- **Work request**
Given the material below, output exactly the lines from the line with "MAX3890 +3.3V, 2.5Gbps, SDH/SONET" to the line with "站在石板古道始端上眺望大漢溪", both ends included, and no other lines.

- **Entries provided**
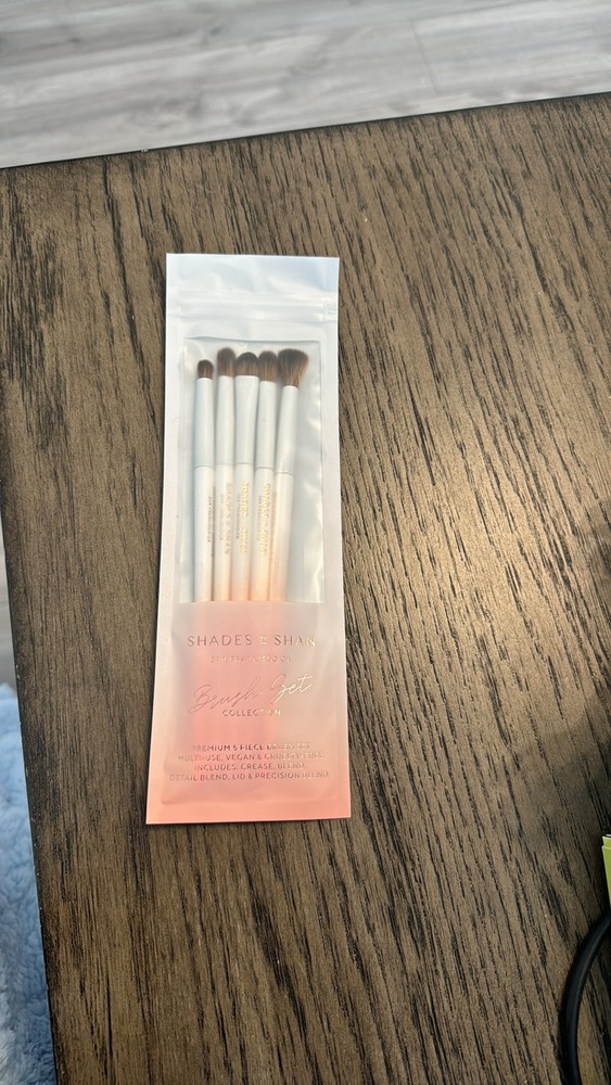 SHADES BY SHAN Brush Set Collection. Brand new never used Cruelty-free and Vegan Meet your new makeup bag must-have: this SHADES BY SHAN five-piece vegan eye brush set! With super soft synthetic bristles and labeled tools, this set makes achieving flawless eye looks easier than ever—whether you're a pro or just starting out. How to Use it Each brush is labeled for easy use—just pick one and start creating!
==
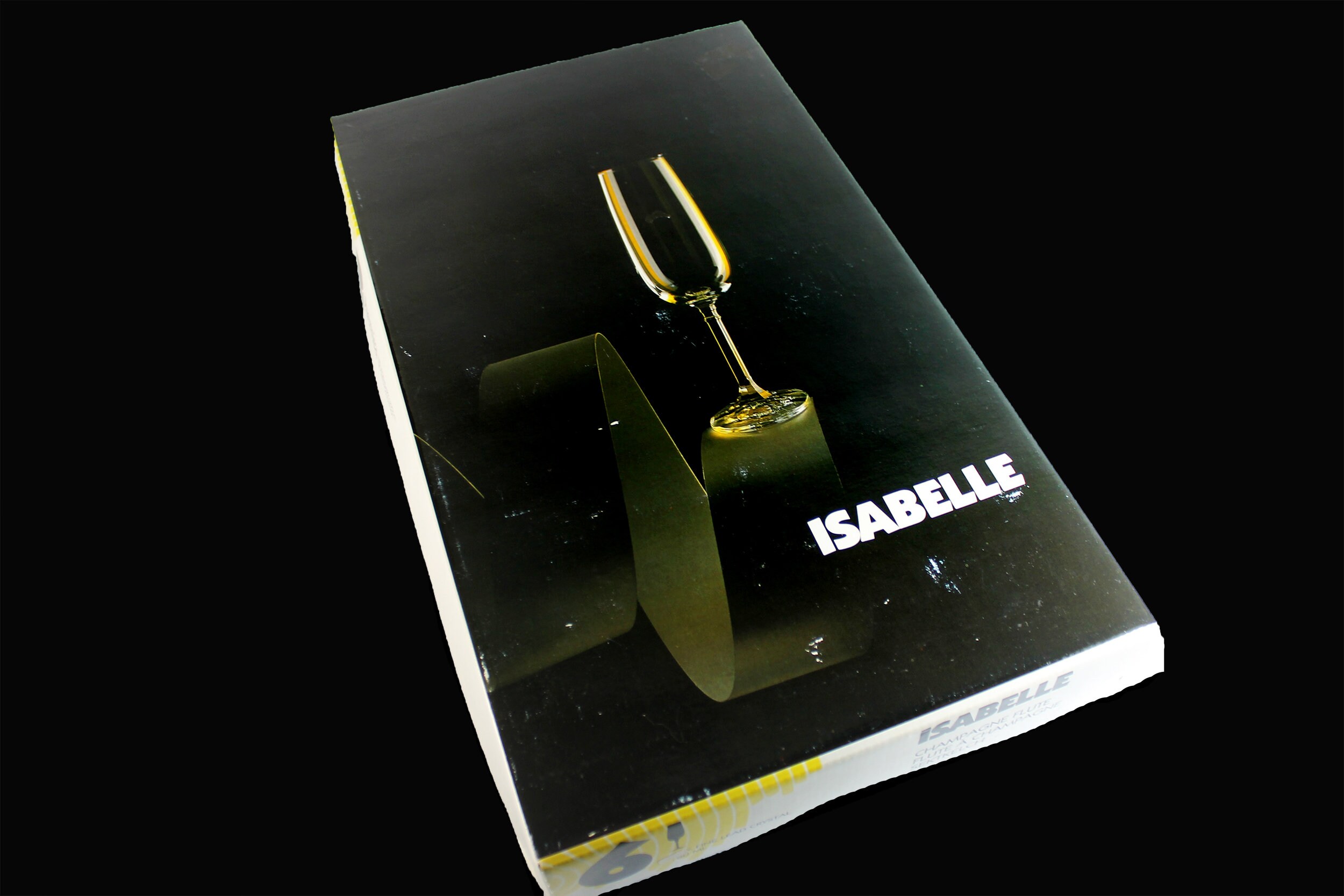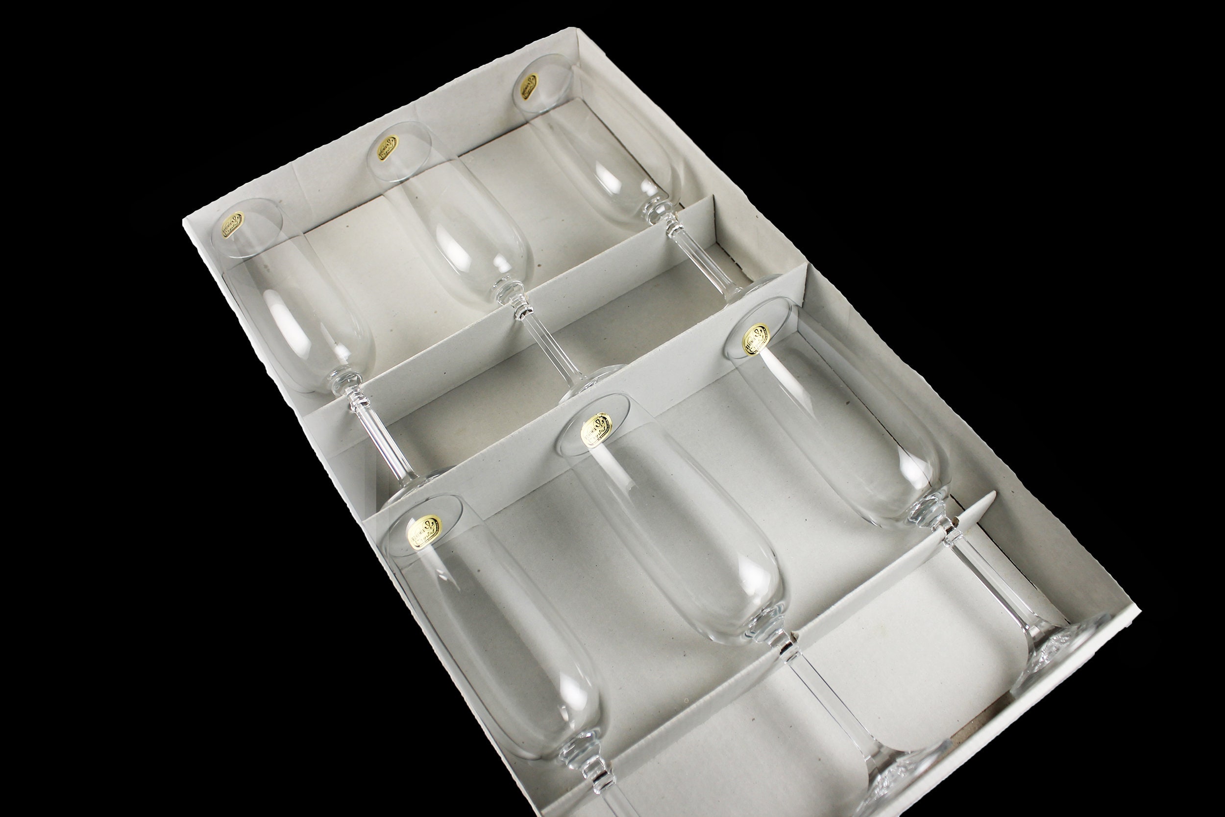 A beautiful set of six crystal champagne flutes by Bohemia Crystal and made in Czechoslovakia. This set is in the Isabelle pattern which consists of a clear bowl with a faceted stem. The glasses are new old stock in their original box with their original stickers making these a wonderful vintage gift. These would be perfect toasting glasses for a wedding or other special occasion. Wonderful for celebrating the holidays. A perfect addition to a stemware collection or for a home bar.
==
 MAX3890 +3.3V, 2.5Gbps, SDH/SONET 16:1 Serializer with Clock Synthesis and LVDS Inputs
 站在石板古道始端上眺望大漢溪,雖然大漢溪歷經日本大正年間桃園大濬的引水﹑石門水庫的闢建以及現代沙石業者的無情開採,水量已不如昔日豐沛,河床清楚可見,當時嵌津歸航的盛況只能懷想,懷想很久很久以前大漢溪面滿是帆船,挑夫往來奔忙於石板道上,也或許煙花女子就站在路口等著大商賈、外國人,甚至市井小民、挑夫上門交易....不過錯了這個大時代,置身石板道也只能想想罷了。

- **Response**
 MAX3890 +3.3V, 2.5Gbps, SDH/SONET 16:1 Serializer with Clock Synthesis and LVDS Inputs
 站在石板古道始端上眺望大漢溪,雖然大漢溪歷經日本大正年間桃園大濬的引水﹑石門水庫的闢建以及現代沙石業者的無情開採,水量已不如昔日豐沛,河床清楚可見,當時嵌津歸航的盛況只能懷想,懷想很久很久以前大漢溪面滿是帆船,挑夫往來奔忙於石板道上,也或許煙花女子就站在路口等著大商賈、外國人,甚至市井小民、挑夫上門交易....不過錯了這個大時代,置身石板道也只能想想罷了。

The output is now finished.